Using conditions is fine unless you are tracing your model via torch.jit.trace
as it’s not able to capture data-dependent control flow.
To use a condition on a batch of samples you could use torch.where
:
out = torch.where(input>=0, torch.log(2*input+1), torch.log(-2*input+1))
Hi @ptrblck,
Thanks for all your answers on this thread. I learned a lot.
Still, I have 1 question. I have a stateful loss function as below:
class PositionLossNormalized(torch.nn.Module):
def __init__(self, beta, epsilon=1e-8):
super(PositionLossNormalized, self).__init__()
self.beta = beta
self.beta_t = beta
self.running_avg = 0.0
self.epsilon = epsilon
def forward(self, targets, predictions):
sqr_diff = torch.square(targets - predictions)
Pxj = torch.mean(sqr_diff, dim=-1)
Pxj2 = torch.square(Pxj)
avg_Pxj = torch.mean(Pxj)
avg_Pxj2 = torch.mean(Pxj2)
self.running_avg = self.beta * self.running_avg + (1.0 - self.beta) * avg_Pxj2.item()
loss_val = avg_Pxj / (np.sqrt(self.running_avg / (1.0 - self.beta_t)) + self.epsilon)
self.beta_t = self.beta * self.beta_t
return loss_val
Would this work considering I have a numpy operation (viz. np.sqrt). My thinking is that the I am just scaling the value of avg_Pxj (which is autodiff-able) with a python scalar, and this should not break the autodiff chain. I ran the code and pytorch proceeds without any error.

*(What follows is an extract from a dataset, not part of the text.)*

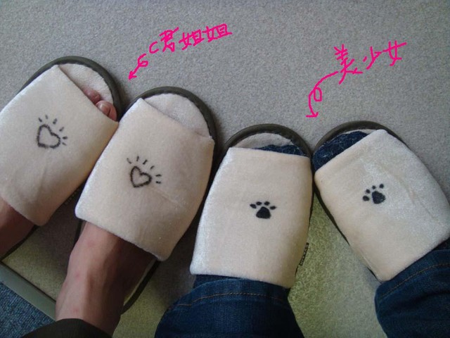 為了怕穿錯拖鞋,我們有了各自的家徽。我的是『熊出沒』。

Am I right in doing this ? Or, should I change the code to use only pytorch functions as below :
class PositionLossNormalized(torch.nn.Module):
def __init__(self, beta, epsilon=1e-8):
super(PositionLossNormalized, self).__init__()
self.beta = torch.as_tensor(beta)
self.beta_t = torch.as_tensor(beta)
self.running_avg = torch.as_tensor(0.0)
self.epsilon = torch.as_tensor(epsilon)
def forward(self, targets, predictions):
sqr_diff = torch.square(targets - predictions)

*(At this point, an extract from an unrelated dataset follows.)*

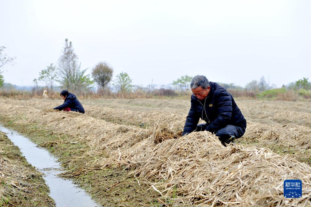 在江西省南昌市南昌縣幽蘭鎮,村民們在收割后的晚稻田里利用處理過的秸稈種植大球蓋菇(12月7日攝)。

Pxj = torch.mean(sqr_diff, dim=-1)
Pxj2 = torch.square(Pxj)
avg_Pxj = torch.mean(Pxj)
avg_Pxj2 = torch.mean(Pxj2)
self.running_avg = self.beta * self.running_avg + (1.0 - self.beta) * avg_Pxj2.clone().detach()

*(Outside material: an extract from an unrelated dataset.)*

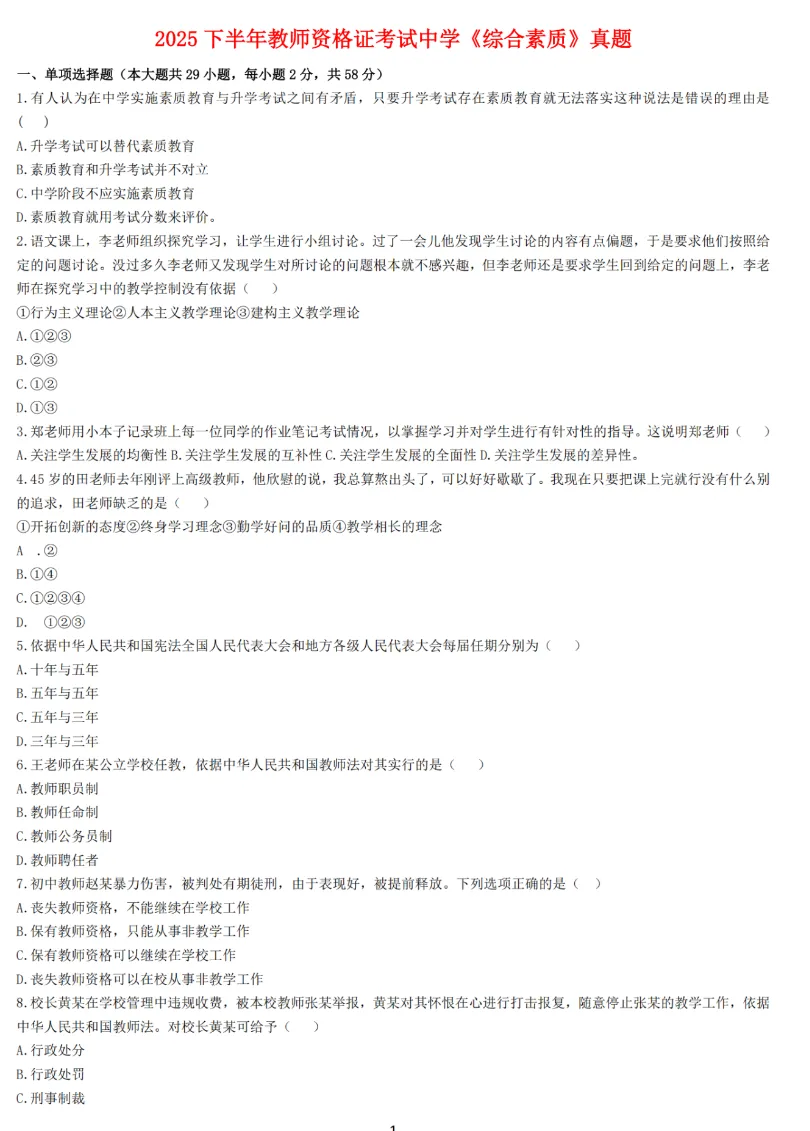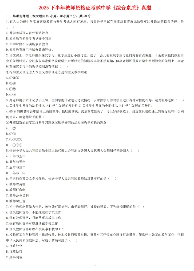 中学-教资笔试历年真题(2025下)

loss_val = avg_Pxj / (torch.sqrt(self.running_avg / (1.0 - self.beta_t)) + self.epsilon)
self.beta_t = self.beta * self.beta_t
return loss_val
Running without errors does not necessarily mean the graph will not be broken by autograd. However, note that standard Python operations can be used and apply elementwise:
loss = x/(y/(1-t)+z)**0.5
I’m not sure for NumPy how they define the operation underneath. But probably not a good idea as it’s likely it gives out a NumPy array, which breaks the graph.
And if using division, you may want to get in the habit of assigning inf/nan values. For example:
loss[torch.isinf(loss)|torch.isnan(loss)]=1000
I agree with @J_Johnson and think it would be cleaner to either use PyTorch methods or pure Python operations. Using np.sqrt
could be fine in this case but it also doesn’t seem to be necessary as torch.sqrt
or the Python equivalent can be used.
Just had an opportunity to test this:
import torch
import numpy as np
x=torch.rand((2,3), requires_grad=True)
print(np.sqrt(x))
RuntimeError: Can't call numpy() on Tensor that requires grad. Use tensor.detach().numpy() instead.
If the tensor has gradients, you’ll get the above error.
I want to use torch.argsort.
That breaks the gradients. Can you please tell me how do I resolve this?
The output of my CNN is the log probability of indices of the original array. Hence, I want to use 10 best of the indices to get the best elements of the original array. I hope I was able to convey the idea
My custom loss function includes torch.abs(). Do I need to inherit from nn.Module?